DATA SECTION:
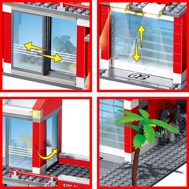 - ⭐На даху є вертолітний майданчикз якого можуть злітати та приземлятися літаки, рулонні двері двох паркувальних місць можна відкривати вгору та вниз , щоб транспортні засоби могли в’їжджати та виїжджати, і відкривати двері та вікна офісу. Багато цікавих деталей оживляють цю пожежну бригаду.
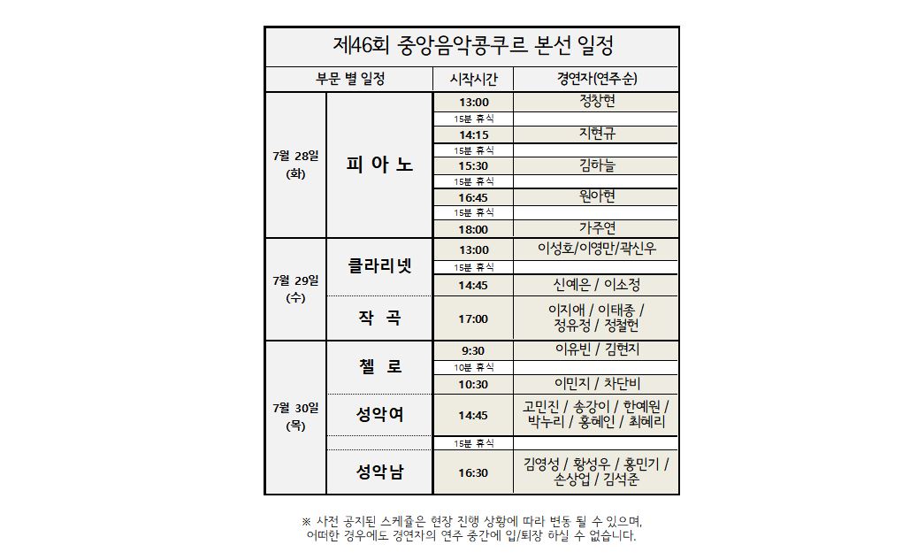 *성악부문 일정이 15분 앞당겨졌습니다.
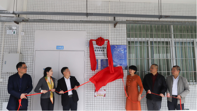 仪式的最后,杨洲书记、高静董事长、方鑫总经理、龙俊书记、彭小红经理和杨原志部长共同为联合共建实验室揭牌。
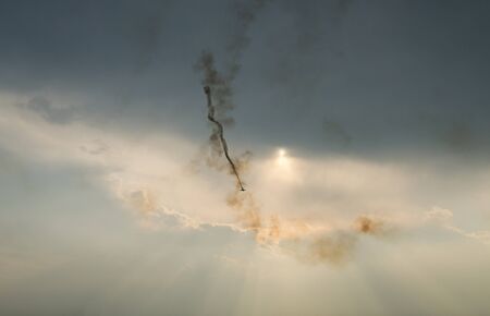Aerobatic team group of fighters jet flies in the sky with brightly colored smoke under the setting sun in the evening sky.

DESCRIPTION OF THE TASK:
Without including any picture, reproduce the material above word for word.

ANSWER BOX:
 - ⭐На даху є вертолітний майданчикз якого можуть злітати та приземлятися літаки, рулонні двері двох паркувальних місць можна відкривати вгору та вниз , щоб транспортні засоби могли в’їжджати та виїжджати, і відкривати двері та вікна офісу. Багато цікавих деталей оживляють цю пожежну бригаду.
 *성악부문 일정이 15분 앞당겨졌습니다.
 仪式的最后,杨洲书记、高静董事长、方鑫总经理、龙俊书记、彭小红经理和杨原志部长共同为联合共建实验室揭牌。
Aerobatic team group of fighters jet flies in the sky with brightly colored smoke under the setting sun in the evening sky.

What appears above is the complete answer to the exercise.